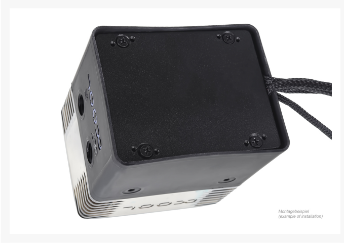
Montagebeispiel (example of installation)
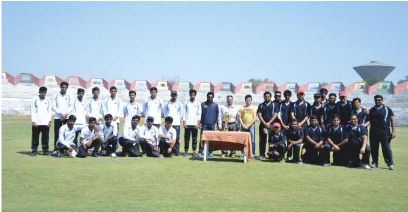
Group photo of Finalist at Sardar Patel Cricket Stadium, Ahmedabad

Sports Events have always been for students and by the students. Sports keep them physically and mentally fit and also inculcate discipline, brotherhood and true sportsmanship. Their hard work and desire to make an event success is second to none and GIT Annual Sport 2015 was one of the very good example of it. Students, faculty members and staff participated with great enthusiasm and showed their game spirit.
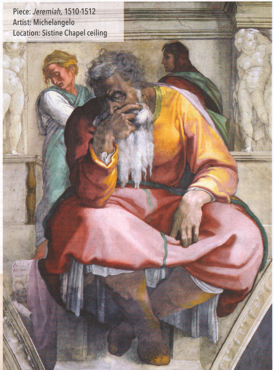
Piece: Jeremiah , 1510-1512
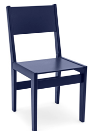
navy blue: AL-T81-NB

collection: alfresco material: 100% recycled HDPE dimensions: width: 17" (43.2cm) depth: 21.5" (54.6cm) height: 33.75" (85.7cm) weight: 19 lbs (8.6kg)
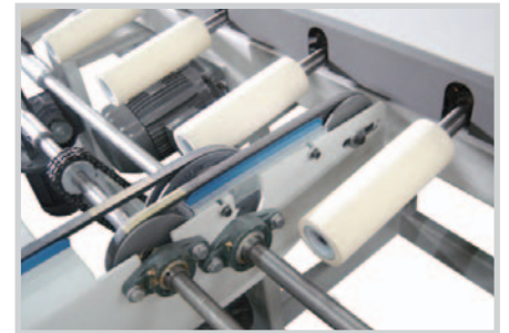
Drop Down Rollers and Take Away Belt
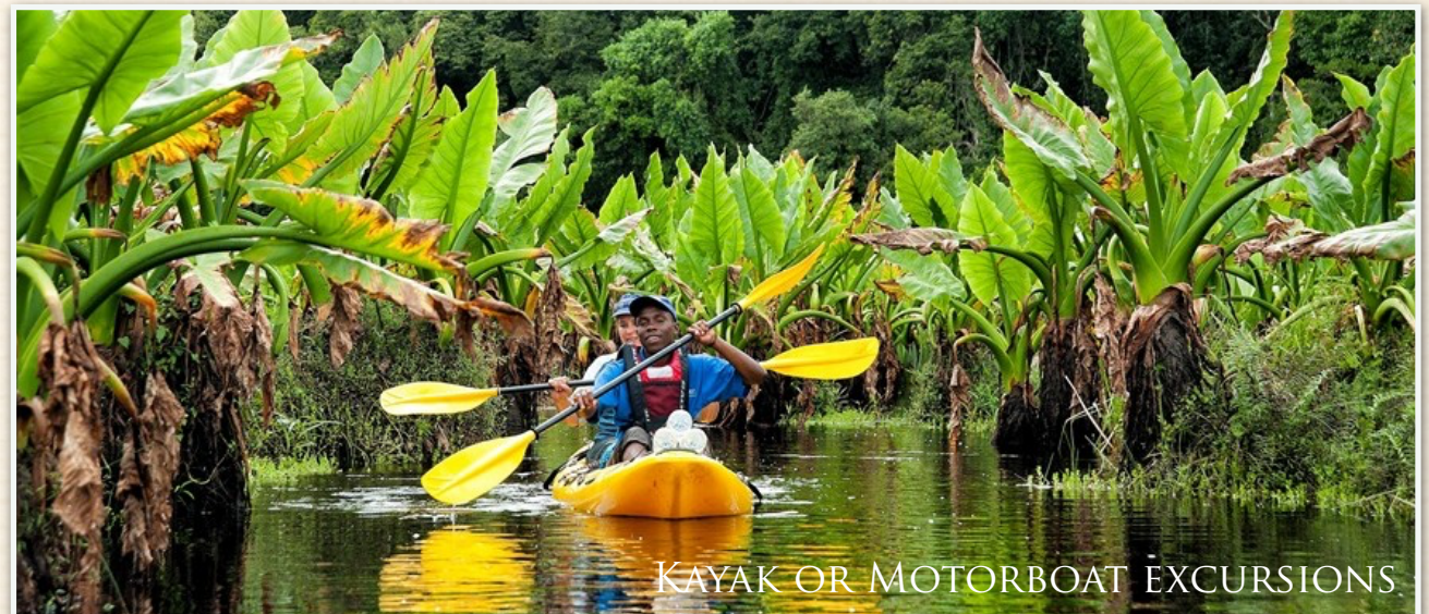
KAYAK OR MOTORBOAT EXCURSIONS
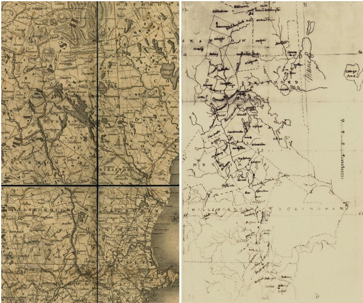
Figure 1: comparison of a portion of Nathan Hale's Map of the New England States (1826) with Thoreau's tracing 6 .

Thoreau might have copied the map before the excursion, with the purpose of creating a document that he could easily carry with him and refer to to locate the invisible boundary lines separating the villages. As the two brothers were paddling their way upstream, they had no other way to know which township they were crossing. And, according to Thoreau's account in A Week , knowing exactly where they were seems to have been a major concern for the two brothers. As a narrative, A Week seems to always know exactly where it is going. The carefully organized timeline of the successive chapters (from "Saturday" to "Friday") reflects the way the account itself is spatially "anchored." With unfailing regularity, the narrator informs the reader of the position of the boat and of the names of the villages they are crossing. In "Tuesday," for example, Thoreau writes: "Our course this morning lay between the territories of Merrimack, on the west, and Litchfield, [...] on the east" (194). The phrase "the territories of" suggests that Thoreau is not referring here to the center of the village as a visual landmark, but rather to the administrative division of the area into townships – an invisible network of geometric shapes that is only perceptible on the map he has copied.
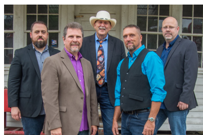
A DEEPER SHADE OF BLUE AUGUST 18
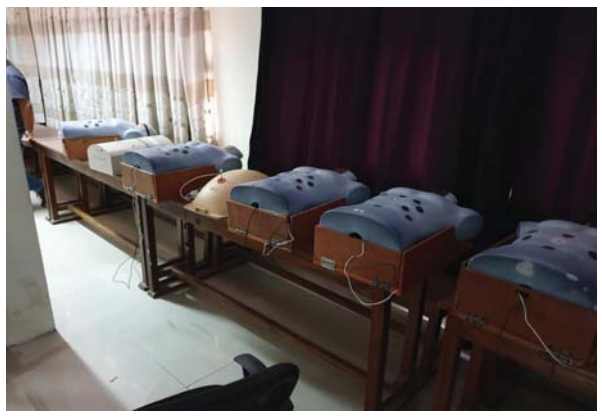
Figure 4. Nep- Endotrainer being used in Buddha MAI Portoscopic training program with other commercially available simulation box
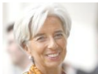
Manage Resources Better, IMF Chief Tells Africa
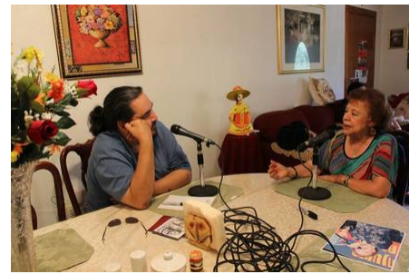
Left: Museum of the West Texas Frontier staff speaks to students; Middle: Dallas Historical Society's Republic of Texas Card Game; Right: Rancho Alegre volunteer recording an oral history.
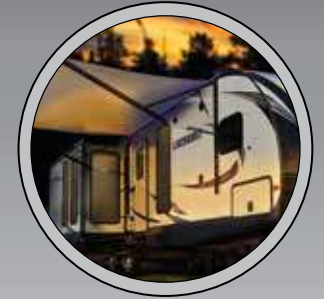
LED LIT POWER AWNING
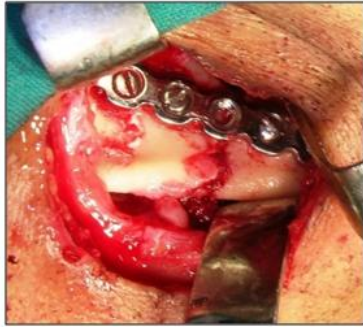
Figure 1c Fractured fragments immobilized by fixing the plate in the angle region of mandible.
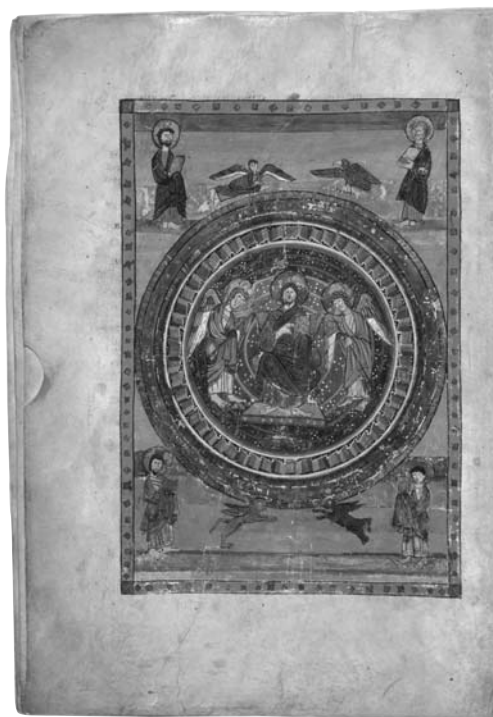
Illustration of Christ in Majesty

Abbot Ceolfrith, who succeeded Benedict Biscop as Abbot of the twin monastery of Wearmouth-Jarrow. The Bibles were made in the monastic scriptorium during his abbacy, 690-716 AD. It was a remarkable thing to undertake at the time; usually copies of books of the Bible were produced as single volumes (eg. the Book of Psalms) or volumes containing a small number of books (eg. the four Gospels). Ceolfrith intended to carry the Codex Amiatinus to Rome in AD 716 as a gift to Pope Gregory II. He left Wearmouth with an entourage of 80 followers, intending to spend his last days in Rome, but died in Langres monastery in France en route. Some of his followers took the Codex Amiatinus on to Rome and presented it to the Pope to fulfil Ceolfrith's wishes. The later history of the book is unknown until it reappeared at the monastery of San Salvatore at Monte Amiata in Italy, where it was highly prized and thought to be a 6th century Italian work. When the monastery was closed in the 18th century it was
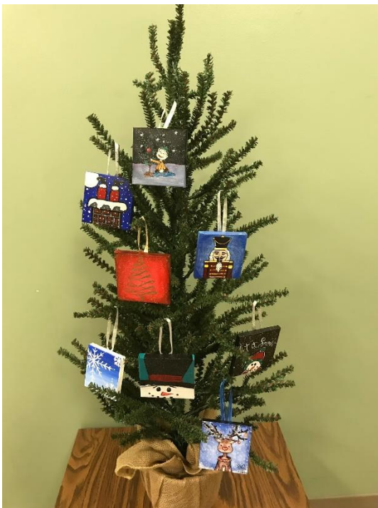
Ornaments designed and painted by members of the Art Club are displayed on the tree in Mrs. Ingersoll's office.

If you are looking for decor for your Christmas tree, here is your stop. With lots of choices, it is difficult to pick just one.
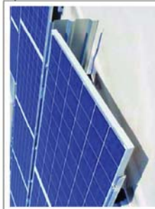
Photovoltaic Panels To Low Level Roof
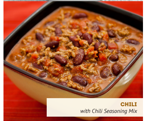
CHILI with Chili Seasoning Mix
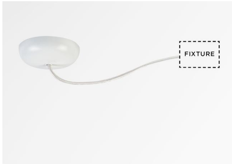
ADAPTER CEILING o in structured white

------------------------

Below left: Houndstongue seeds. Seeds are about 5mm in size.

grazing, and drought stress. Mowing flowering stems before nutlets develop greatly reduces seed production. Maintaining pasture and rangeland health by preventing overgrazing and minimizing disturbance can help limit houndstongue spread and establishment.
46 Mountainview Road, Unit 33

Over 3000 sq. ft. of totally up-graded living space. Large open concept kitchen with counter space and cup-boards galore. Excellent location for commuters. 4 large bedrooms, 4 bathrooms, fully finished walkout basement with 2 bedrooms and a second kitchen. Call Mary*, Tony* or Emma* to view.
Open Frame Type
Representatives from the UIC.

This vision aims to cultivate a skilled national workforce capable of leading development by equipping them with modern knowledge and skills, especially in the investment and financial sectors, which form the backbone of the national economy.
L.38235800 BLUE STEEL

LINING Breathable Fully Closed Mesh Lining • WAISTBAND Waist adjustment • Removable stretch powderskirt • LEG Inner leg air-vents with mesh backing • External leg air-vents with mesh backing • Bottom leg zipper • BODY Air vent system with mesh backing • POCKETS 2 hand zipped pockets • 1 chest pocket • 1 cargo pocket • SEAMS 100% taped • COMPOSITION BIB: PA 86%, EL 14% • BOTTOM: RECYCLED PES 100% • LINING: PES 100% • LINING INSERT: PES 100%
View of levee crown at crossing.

------------------------

> TASK STATEMENT:
Please output the lines above beginning at the line with "Figure 4. Nep- Endotrainer" and ending after the line with "Photovoltaic Panels To Low Level Roof", precisely as written and with no pictures.

> RESULT OF THE TASK:
Figure 4. Nep- Endotrainer being used in Buddha MAI Portoscopic training program with other commercially available simulation box
Manage Resources Better, IMF Chief Tells Africa
Left: Museum of the West Texas Frontier staff speaks to students; Middle: Dallas Historical Society's Republic of Texas Card Game; Right: Rancho Alegre volunteer recording an oral history.
LED LIT POWER AWNING
Figure 1c Fractured fragments immobilized by fixing the plate in the angle region of mandible.
Illustration of Christ in Majesty

Abbot Ceolfrith, who succeeded Benedict Biscop as Abbot of the twin monastery of Wearmouth-Jarrow. The Bibles were made in the monastic scriptorium during his abbacy, 690-716 AD. It was a remarkable thing to undertake at the time; usually copies of books of the Bible were produced as single volumes (eg. the Book of Psalms) or volumes containing a small number of books (eg. the four Gospels). Ceolfrith intended to carry the Codex Amiatinus to Rome in AD 716 as a gift to Pope Gregory II. He left Wearmouth with an entourage of 80 followers, intending to spend his last days in Rome, but died in Langres monastery in France en route. Some of his followers took the Codex Amiatinus on to Rome and presented it to the Pope to fulfil Ceolfrith's wishes. The later history of the book is unknown until it reappeared at the monastery of San Salvatore at Monte Amiata in Italy, where it was highly prized and thought to be a 6th century Italian work. When the monastery was closed in the 18th century it was
Ornaments designed and painted by members of the Art Club are displayed on the tree in Mrs. Ingersoll's office.

If you are looking for decor for your Christmas tree, here is your stop. With lots of choices, it is difficult to pick just one.
Photovoltaic Panels To Low Level Roof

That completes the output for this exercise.